В позолоченных рамах я увидела двух красавиц, одна из которых была изображена с изумительными зелёными серьгами на фоне волос цвета воронова крыла, вторая, может быть даже более красивая, была совершенно седа, хотя так же молода и стройна, что и первая. На руке её был нарисован перстень с дорогим сардониксом, в нём я узнала головку того самого ключа, который сейчас находился у меня на пальце. Оба портрета были подписаны одним художником — Марио Маскарелли.
Между тем нас никто не встречал. Напрасно я с нетерпением оглядывалась, ожидая увидеть его мать, госпожу Катену, или хотя бы тётку. Нет, никто не появился. Мозаичный пол из дерева и кости и инкрустированные двери привели нас в комнату на втором этаже, а потом в маленькую домашнюю церковь, которая находилась над входом в дом. В полумраке церкви, стоя на коленях, молилась какая-то старуха. Я подумала, что, может быть, это его мать или тётка, но, когда спросила его об этом, он сладко улыбнулся:
— Да нет, это Селена, наша старая служанка.

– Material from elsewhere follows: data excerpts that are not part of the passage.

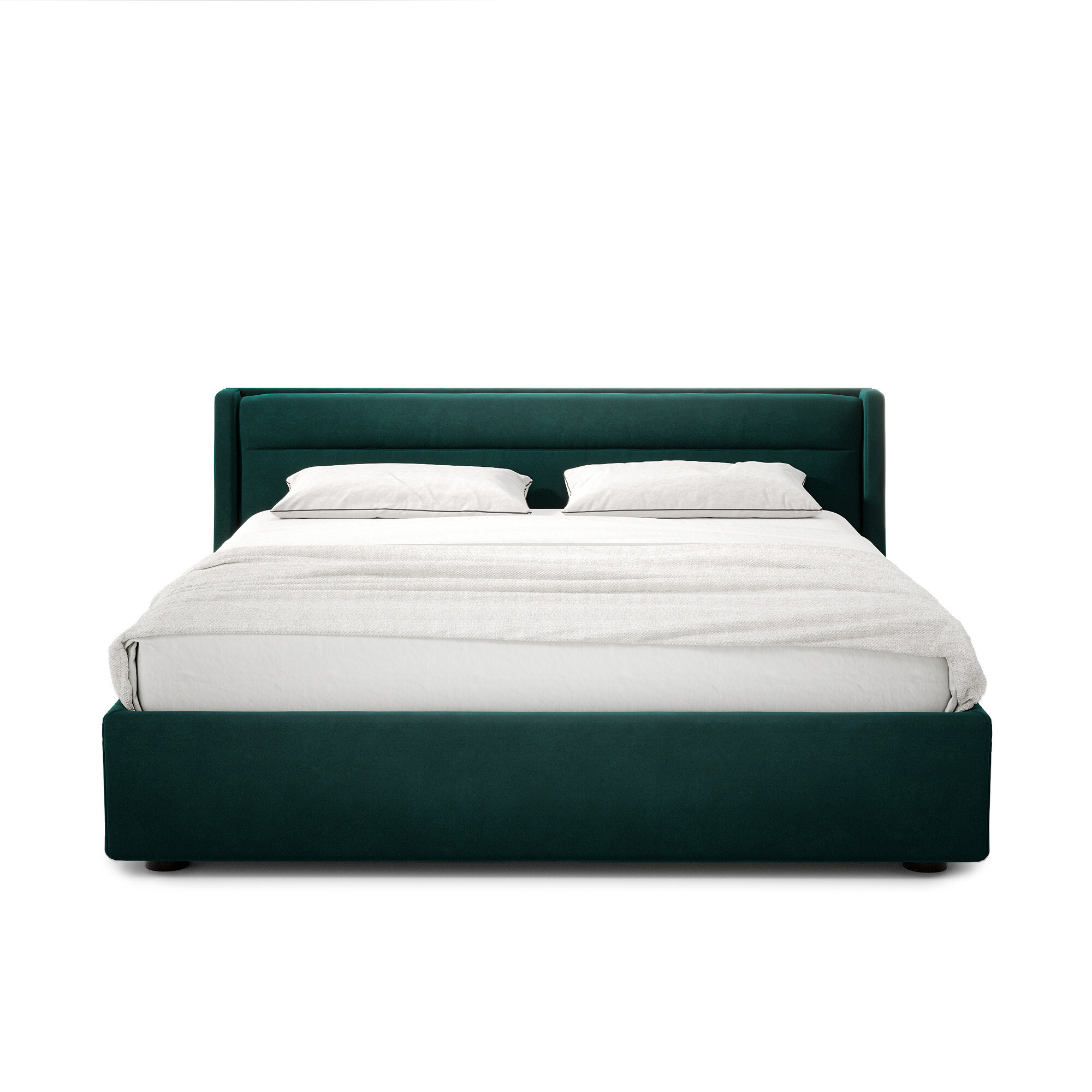 Изголовье обтянуто тканью со всех сторон — кровать можно поставить прямо в центре спальни. А универсальный дизайн и возможность подобрать цвет ткани и тонировку ножек позволяют ей хорошо смотреться в разных интерьерах.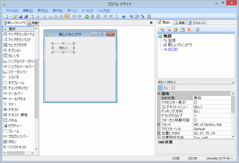 「ウィンドウの設計」画面を使って、プログラム上で表示するウィンドウをデザインすることができます。
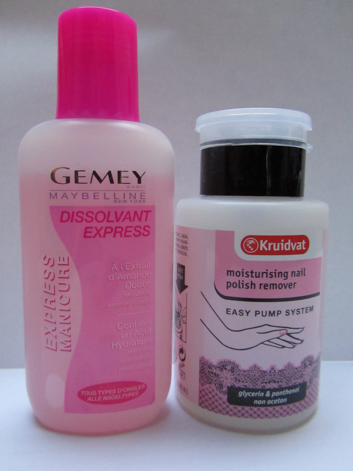 Of hij even goed is den de Gemey qua "remover", neen. Hij is niet zo sterk als die van Gemey. Voor mijn 10 vingers met een gewoon lakje, moet ik max 3 watjes gebruiken met Gemey. Met de Kruidvat remover zijn het er minstens 5.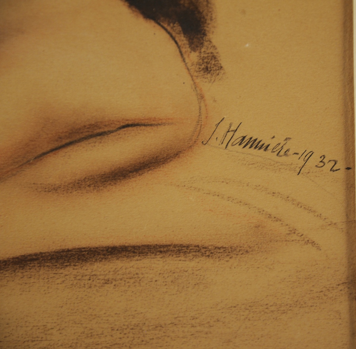 Sanguine, trois crayons, signée à droite et datée "1932."
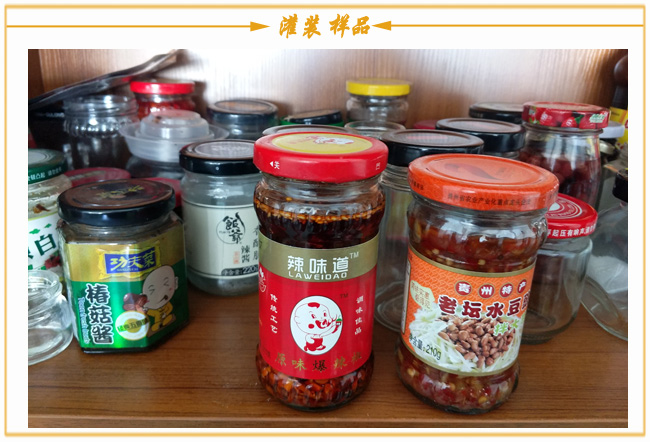 通過瓶子從輸送帶上走到灌裝工位,進行醬體的填充,然后由自動取蓋器,自動上蓋并預(yù)選緊。較后由真空旋蓋工位進行較終的抽真空旋蓋。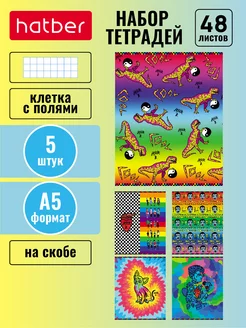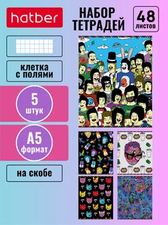 Тетрадь 48 листов клетка 5 дизайнов 5 штук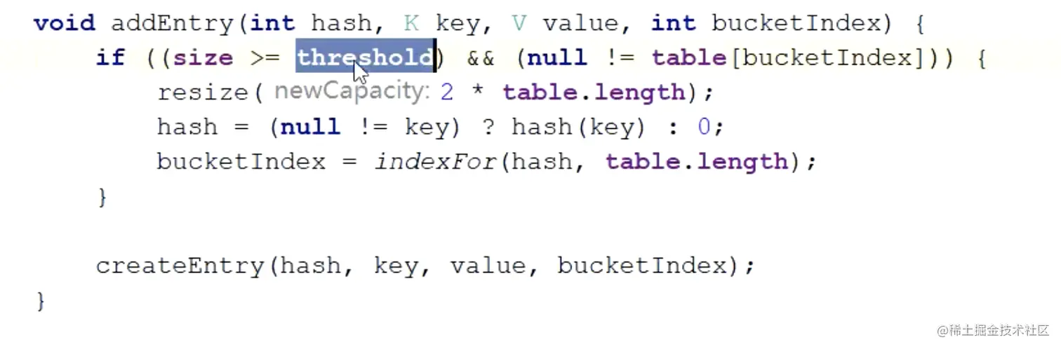 1当size大于或者等于数组的初始化容量*0.75的时候并且当前索引所在的数组不为null的时候进行扩容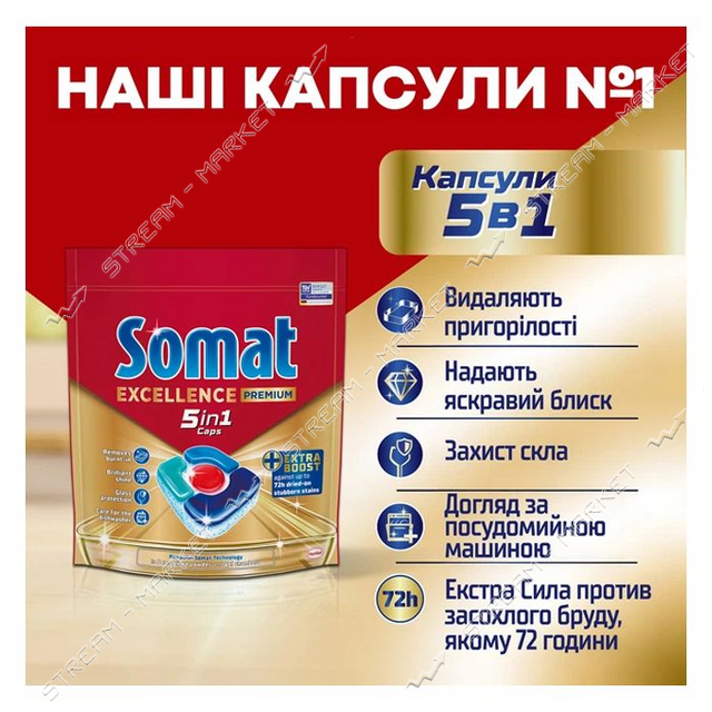 Відкрийте для себе ідеальну чистоту та блиск вашого посуду з Somat Excellence 5в1. Ці потужні капсули розроблені спеціально для тих, хто цінує бездоганний результат без зайвих зусиль. Еволюційна формула не тільки видаляє навіть найстійкіші забруднення, але й захищає посудомийну машину, подовжуючи її термін служби. Швидкорозчинна формула забезпечує миттєву дію, заощаджуючи ваш час та ресурси. Унікальна технологія видалення плям гарантує, що ваш посуд залишиться сяючим після кожного циклу. Формула створена з турботою про природу, мінімізуючи вплив на навколишнє середовище. Кожна капсула містить компоненти, що запобігають корозії. Замовте Somat Excellence 5в1 вже сьогодні та переконайтеся в його ефективності самі!

В третьей комнате я увидела поясные портреты тех же двух красавиц, чрезвычайно похожих друг на друга. На тёткином портрете была изображена гитара, а на портрете матери одна из церквей Котора. На заднем плане и того и другого портрета виднелись сценки которского карнавала. Тут он сказал, что тётка завещала его будущей избраннице свои драгоценные серьги.
— Правда, при одном условии, — добавил он, — моя возлюбленная должна уметь играть на гитаре. Судя по всему, серьги предназначаются тебе.
Тогда я спросила:
— Где они?
Он ответил, что они давно мертвы.
— Разве серьги могут умереть? — удивилась я, на что он опять улыбнулся и вынул из кармана пару чудесных серёг итальянской работы, похожих на две зелёные слезы. Это были те самые серьги, которые я видела на портрете его тётки на лестнице.
— И мама, и тётка давно умерли, — добавил он. — Мать я едва помню, а тётка была мне вместо матери. Ты видела, как красивы были обе…
Я принялась извиняться, он вдел серьги мне в уши, поцеловал меня, и мы продолжили осматривать дом. В одной из комнат я обнаружила две постели — мужскую и женскую. Мужская постель была повернута в сторону севера, женская — в сторону юга. Мужская была узкой койкой, взятой, видимо, с какого-то судна. Женская представляла собой огромную кровать из кованого металла, опиравшуюся на шесть ножек и украшенную латунными шарами. Она была такой высокой, что на ней можно было накрывать ужин, как на столе. Зелёные серьги у меня в ушах вдруг начали источать аромат. Он немного напоминал тот самый его сладковатый немой аккорд.
— Что это за кровать? — спросила я его, показывая на предмет из кованого железа.
— Это кровать на три персоны. Третья персона всегда её покидает.
— Как так?
— Очень просто. Когда женщина забеременеет, из её кровати исчезает муж. Когда ребёнок подрастет, он покидает постель, и в неё возвращается муж или приходит любовник. Если постель покинет жена, туда вселяется любовница. И так далее…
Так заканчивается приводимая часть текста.